▶ Task details
From the first line of the listing below through the line with "Вот и бумажный", transcribe exactly and skip the pictures.

▶ Available data
*** Begin section ***
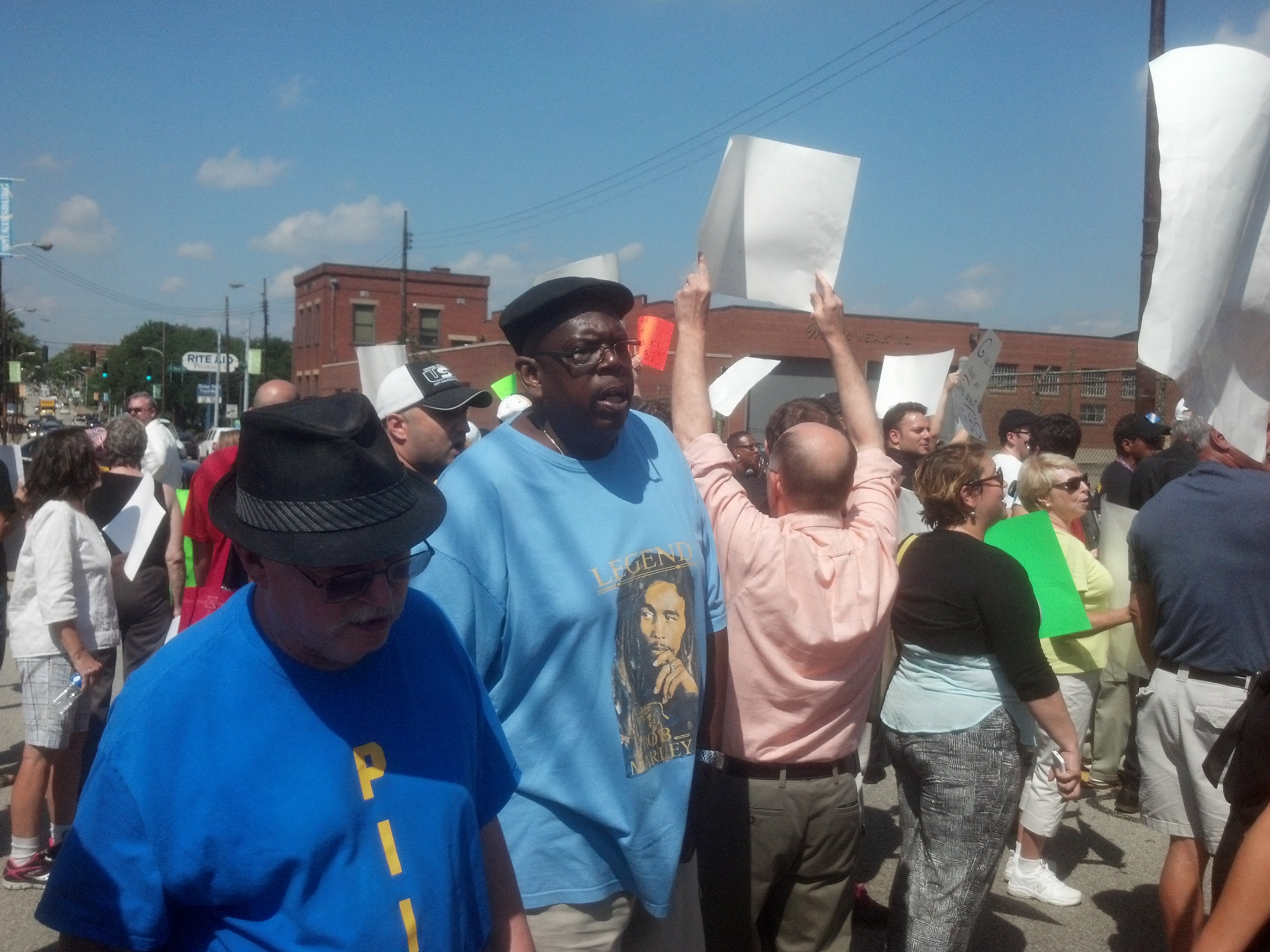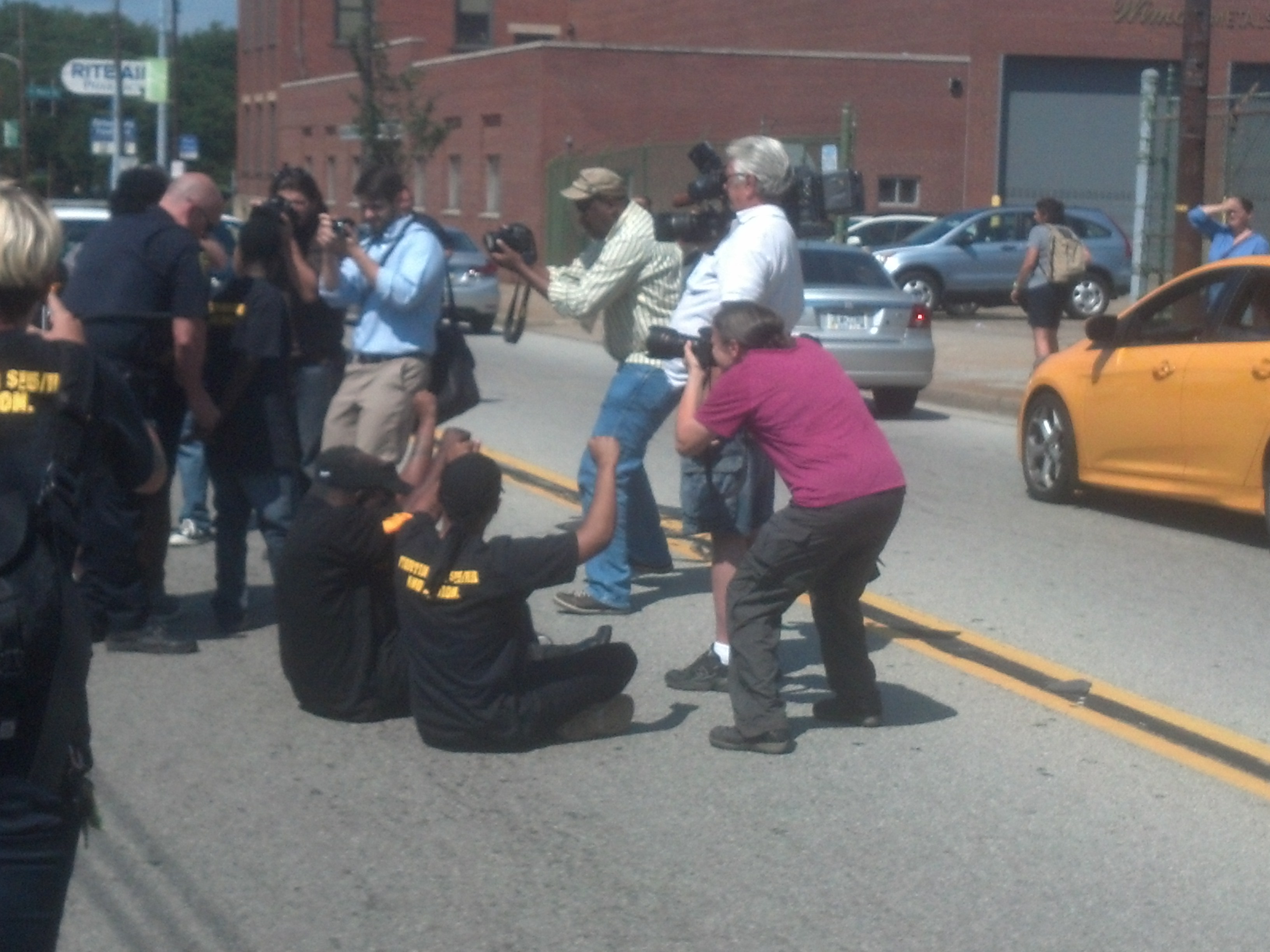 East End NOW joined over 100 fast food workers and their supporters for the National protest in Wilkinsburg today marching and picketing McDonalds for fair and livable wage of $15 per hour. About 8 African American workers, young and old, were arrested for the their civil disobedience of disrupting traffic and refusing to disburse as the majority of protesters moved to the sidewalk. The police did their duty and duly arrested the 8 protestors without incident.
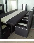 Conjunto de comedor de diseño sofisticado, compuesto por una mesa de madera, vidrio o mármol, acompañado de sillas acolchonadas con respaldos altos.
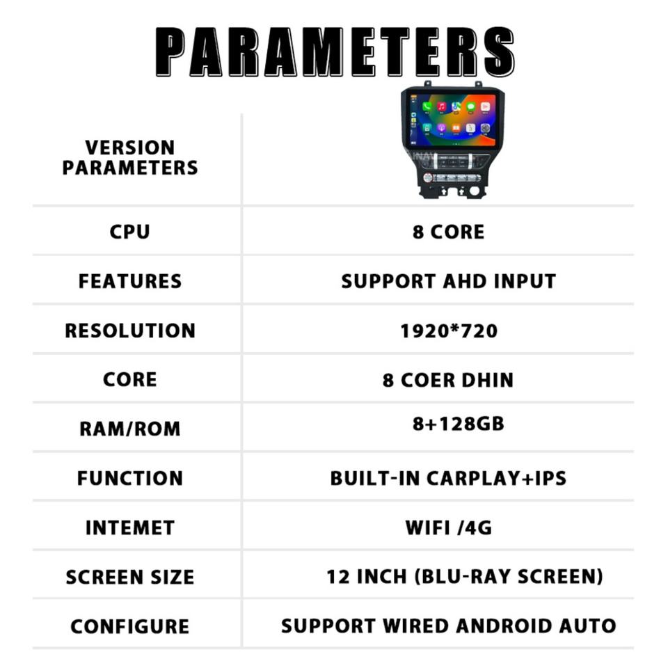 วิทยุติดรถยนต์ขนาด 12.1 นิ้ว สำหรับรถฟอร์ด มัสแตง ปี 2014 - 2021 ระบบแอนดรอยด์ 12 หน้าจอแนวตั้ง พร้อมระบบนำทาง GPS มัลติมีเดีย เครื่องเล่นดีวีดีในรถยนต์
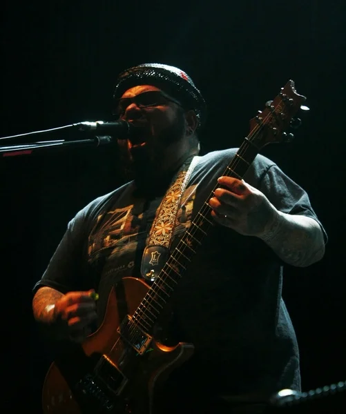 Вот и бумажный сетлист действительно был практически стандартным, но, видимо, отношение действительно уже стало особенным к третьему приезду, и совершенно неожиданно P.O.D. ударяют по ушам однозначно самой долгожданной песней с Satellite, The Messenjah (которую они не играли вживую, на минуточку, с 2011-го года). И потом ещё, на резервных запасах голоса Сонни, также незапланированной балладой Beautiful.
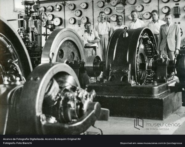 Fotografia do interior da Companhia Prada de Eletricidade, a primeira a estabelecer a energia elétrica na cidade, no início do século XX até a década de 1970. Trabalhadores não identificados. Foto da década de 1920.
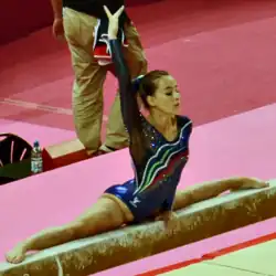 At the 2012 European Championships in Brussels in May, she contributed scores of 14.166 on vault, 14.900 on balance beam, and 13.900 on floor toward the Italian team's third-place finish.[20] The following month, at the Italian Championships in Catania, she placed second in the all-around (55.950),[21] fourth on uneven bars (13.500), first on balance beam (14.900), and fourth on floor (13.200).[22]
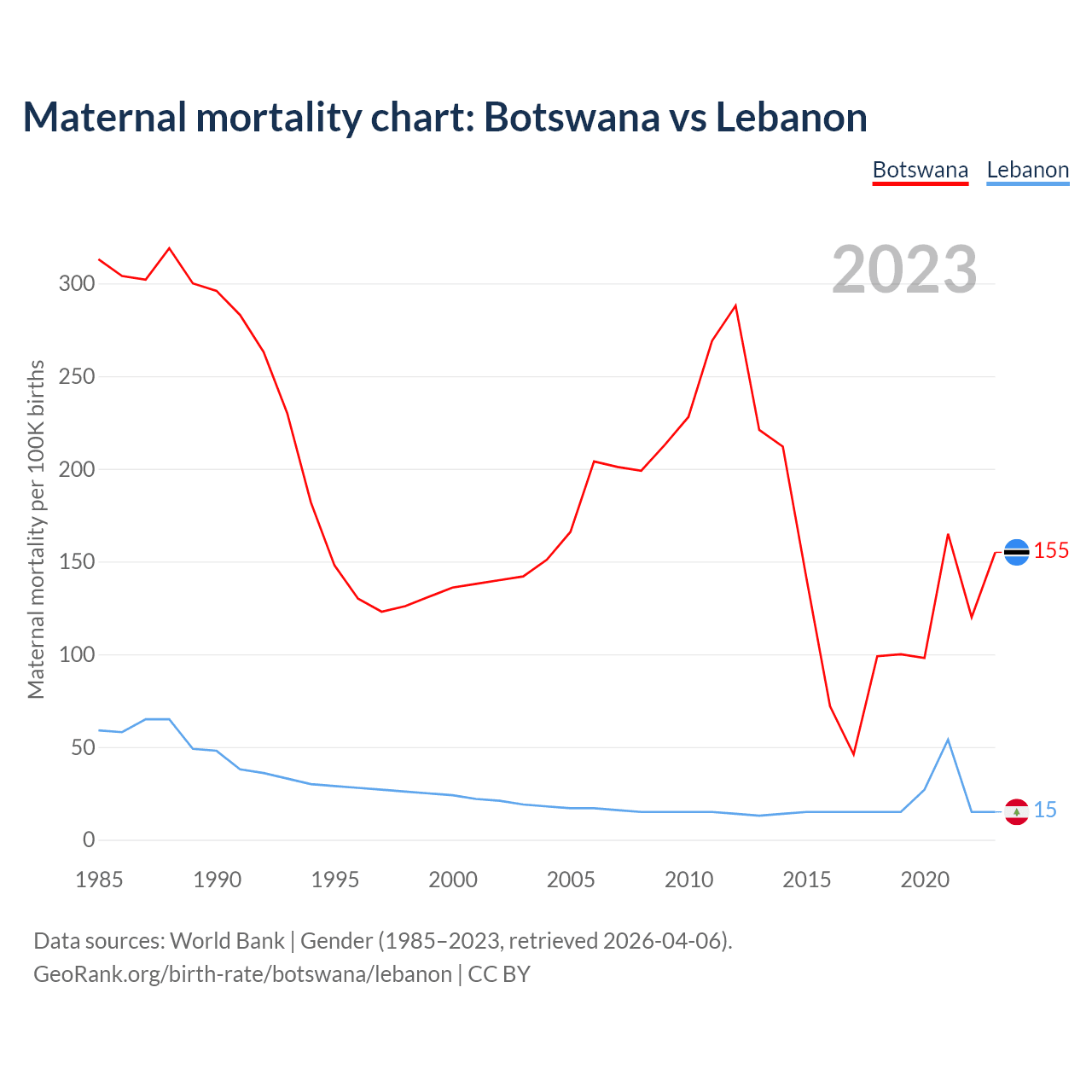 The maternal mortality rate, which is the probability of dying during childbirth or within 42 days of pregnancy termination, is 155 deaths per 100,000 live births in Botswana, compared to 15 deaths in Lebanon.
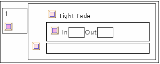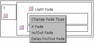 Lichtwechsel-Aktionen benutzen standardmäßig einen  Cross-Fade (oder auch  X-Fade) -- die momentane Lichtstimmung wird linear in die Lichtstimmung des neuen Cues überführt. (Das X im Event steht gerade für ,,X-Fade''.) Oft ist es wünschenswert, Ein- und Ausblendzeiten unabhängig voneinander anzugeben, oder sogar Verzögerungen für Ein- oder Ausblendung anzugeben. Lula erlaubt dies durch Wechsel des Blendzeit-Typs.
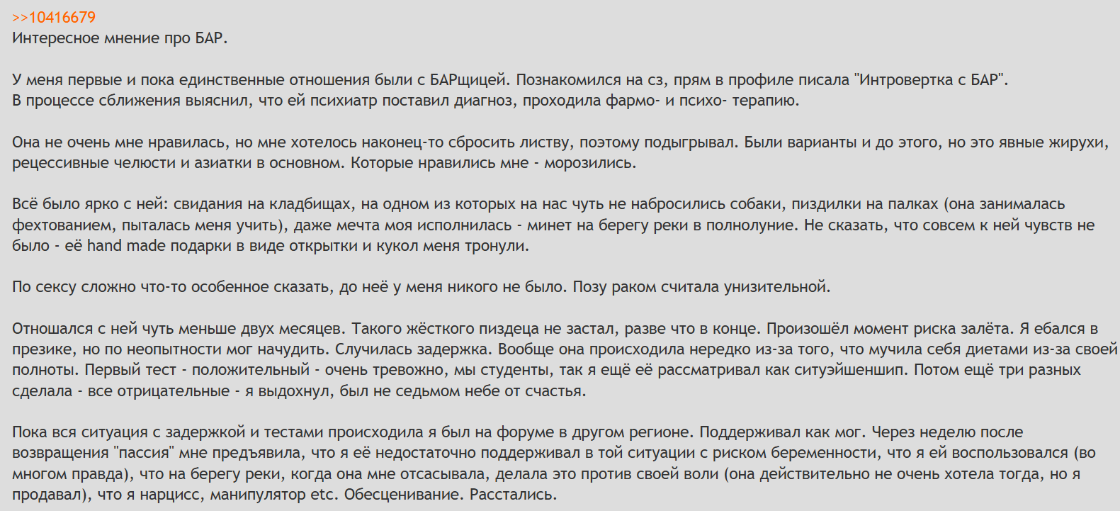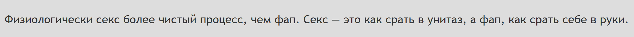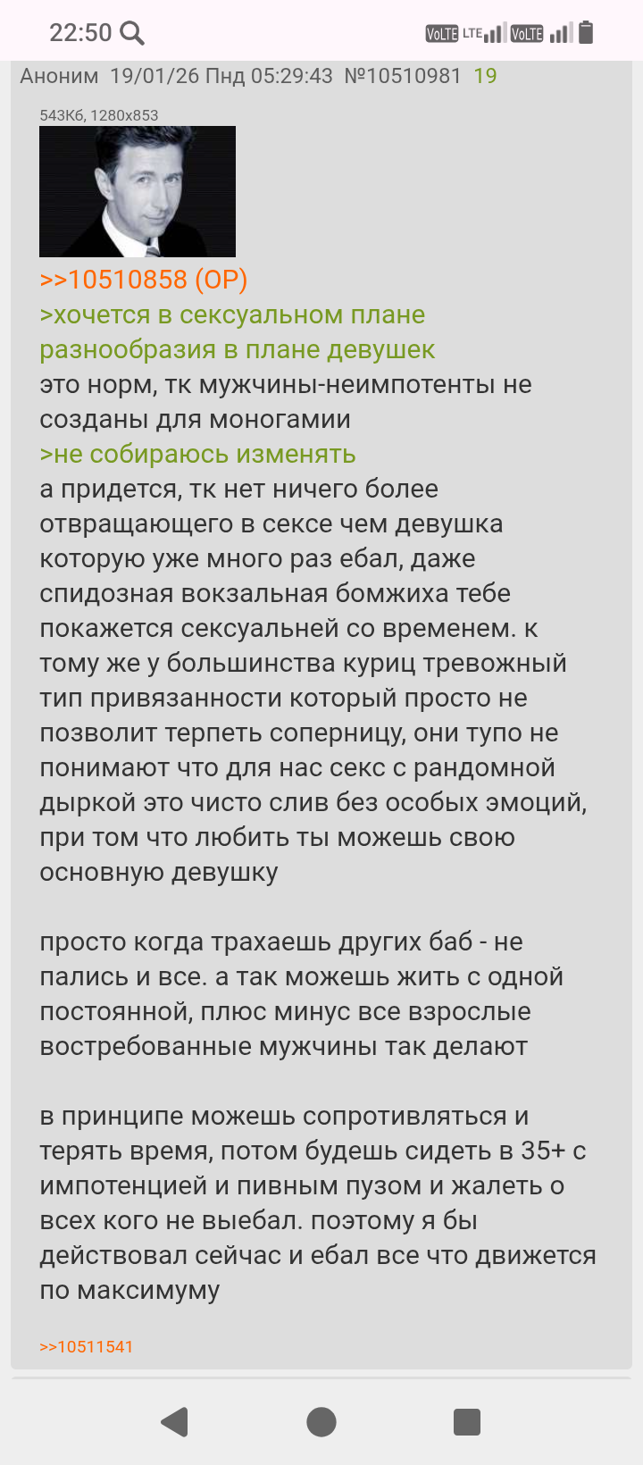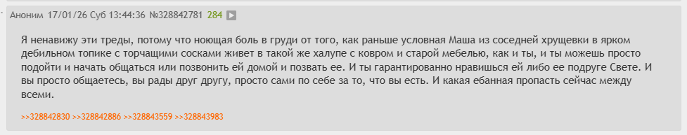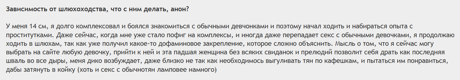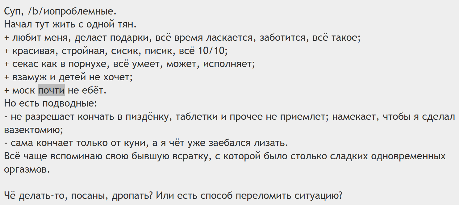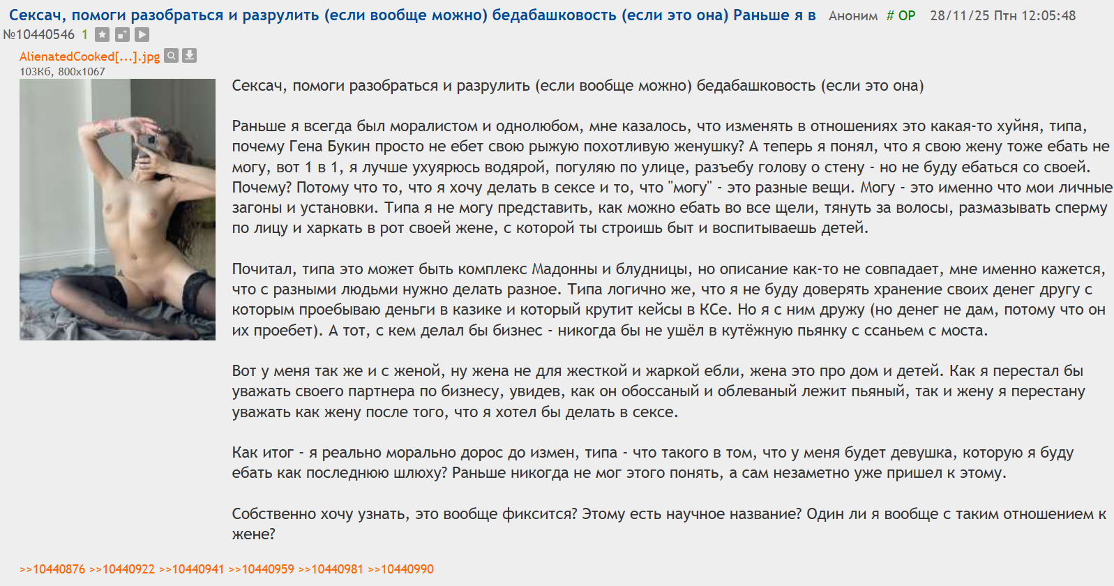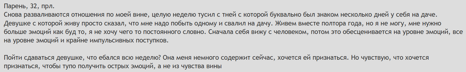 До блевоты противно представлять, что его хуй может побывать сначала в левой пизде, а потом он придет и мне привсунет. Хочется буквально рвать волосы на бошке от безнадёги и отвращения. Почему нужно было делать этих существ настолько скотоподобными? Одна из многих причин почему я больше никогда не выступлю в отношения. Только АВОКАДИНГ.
*** End section ***
▶ Result
 East End NOW joined over 100 fast food workers and their supporters for the National protest in Wilkinsburg today marching and picketing McDonalds for fair and livable wage of $15 per hour. About 8 African American workers, young and old, were arrested for the their civil disobedience of disrupting traffic and refusing to disburse as the majority of protesters moved to the sidewalk. The police did their duty and duly arrested the 8 protestors without incident.
 Conjunto de comedor de diseño sofisticado, compuesto por una mesa de madera, vidrio o mármol, acompañado de sillas acolchonadas con respaldos altos.
 วิทยุติดรถยนต์ขนาด 12.1 นิ้ว สำหรับรถฟอร์ด มัสแตง ปี 2014 - 2021 ระบบแอนดรอยด์ 12 หน้าจอแนวตั้ง พร้อมระบบนำทาง GPS มัลติมีเดีย เครื่องเล่นดีวีดีในรถยนต์
 Вот и бумажный сетлист действительно был практически стандартным, но, видимо, отношение действительно уже стало особенным к третьему приезду, и совершенно неожиданно P.O.D. ударяют по ушам однозначно самой долгожданной песней с Satellite, The Messenjah (которую они не играли вживую, на минуточку, с 2011-го года). И потом ещё, на резервных запасах голоса Сонни, также незапланированной балладой Beautiful.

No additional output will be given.